Thessaloniki: An Experience at the American College (Anatolia)

Life never ceases to have surprises.  Thanks goodness.  Mind you, no one wants unpleasant surprises and I've had a few of those as well of late.  But the invitation from the lovely American College in Thessaloniki earlier this year was a wonderful honour and I went there the last week in May to join a most interesting workshop organised by Maria Kyriakidou, the Assistant Principal.  It was called Art, Aesthetics and Power and there were nine speakers including myself.  Topics included several discussions on famous photographers such as Fred Boissonas, a Swiss pioneer of photography, Leni Riefenstahl and her film Olympia which she produced for Hitler's 1936 Nazi version of the Olympic Games, and Edward S. Curtis who photographed Native American  people.
Sioux maiden by Edward S Curtis

By this time the indigenous Americans were safely corralled in reservations and these pictures were staged to make it seem the Indians were still in their former free state.  All the same they are works of art and capture a time long lost. 


Greek village house by Fred Boissonas












Leni Reifenstahl

Other topics covered aspects of gender such as the importance of Mary Magdalene whom the Church denigrated as the repentant harlot and the story of Esmeray, a Kurdish transvestite from Kars.  The last talk was based on interviews and research made in Cyprus on gay, and transgender Cypriot people and 'normal' attitudes towards them.   Some other beautiful photographs of Thessaloniki and its architectural changes in the late 19th - early 20th century due to war, earthquake, fire also formed a most interesting discussion.

Old Thessaloniki
My own talk was on my first  book The Long Shadow which was mainly set in Salonika in World War One.
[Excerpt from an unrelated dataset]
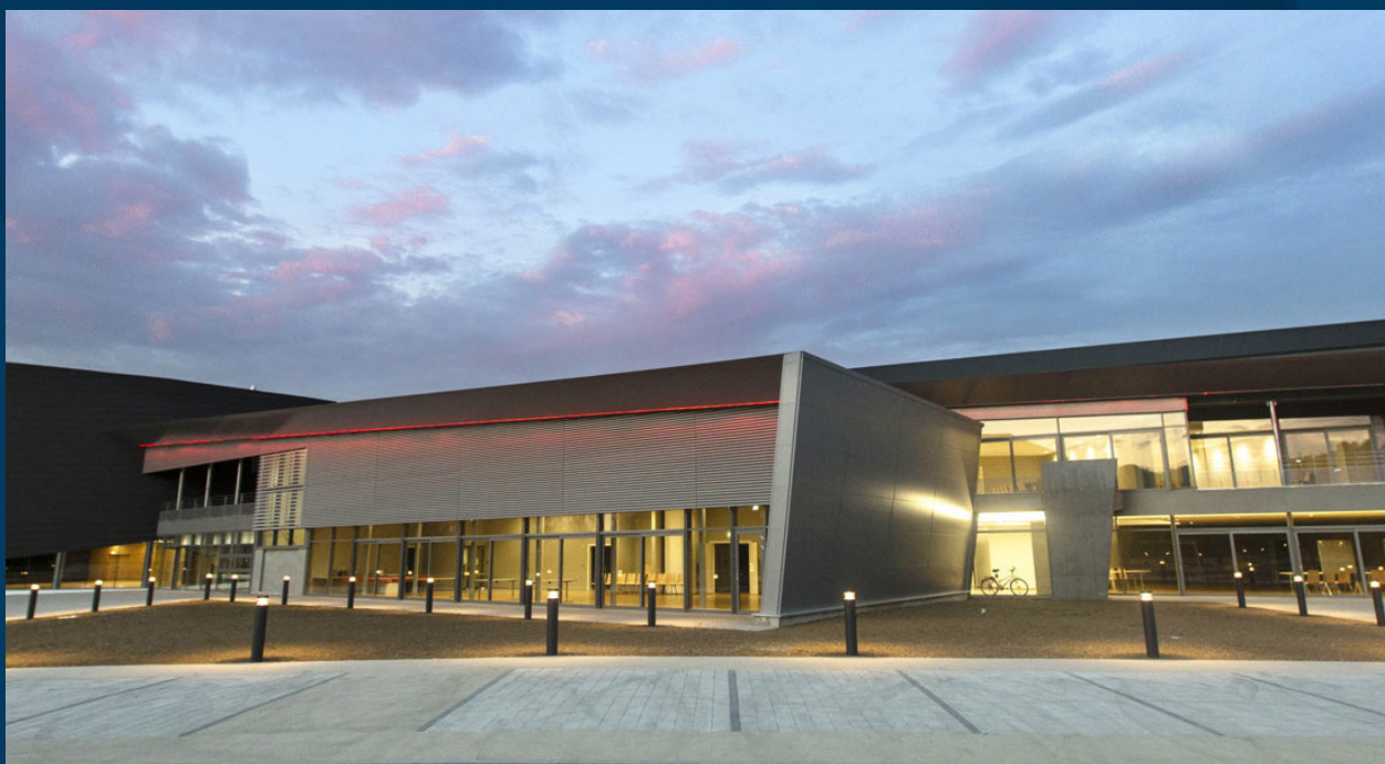
La Comète - Héisingue

Vom Bahnhof Basel SBB: Tram 6 - Haltestelle Gartenstrasse, dann Bus 608 - Haltestelle Héisingue Eglise

Ypres, the Somme, Passchendale and all the other haunting names of the Western Front are well known events, lived over again and again in films and documentaries.  We conjure up pictures of slithering mud, cold trenches and other harrowing scenes of Western battle zones.  But who knows much about Macedonia and the freezing Vardar winds, the barren but beautiful mountains, the treacherous ravines and raging summer heat filled with malarial mosquitoes?  The troops entrenched in Salonika behind barbed wire barricades called it The Birdcage, hence the title of the talk The Barbed Wire Birdcage.  The Long Shadow is a novel that explores the events of the Salonika Campaign through the imaginary diary of a Red Cross nurse with true as well as fictitious events based on letters, diaries, magazines and books of that period.  We see Salonika as a fascinating, multicultural city described through the eyes of doctors, nurses and ordinary Tommies, many of whom laid down their lives there. 
Talking about the Struma Front
It has been a most enjoyable experience.  Thank you all at ACT for inviting me there.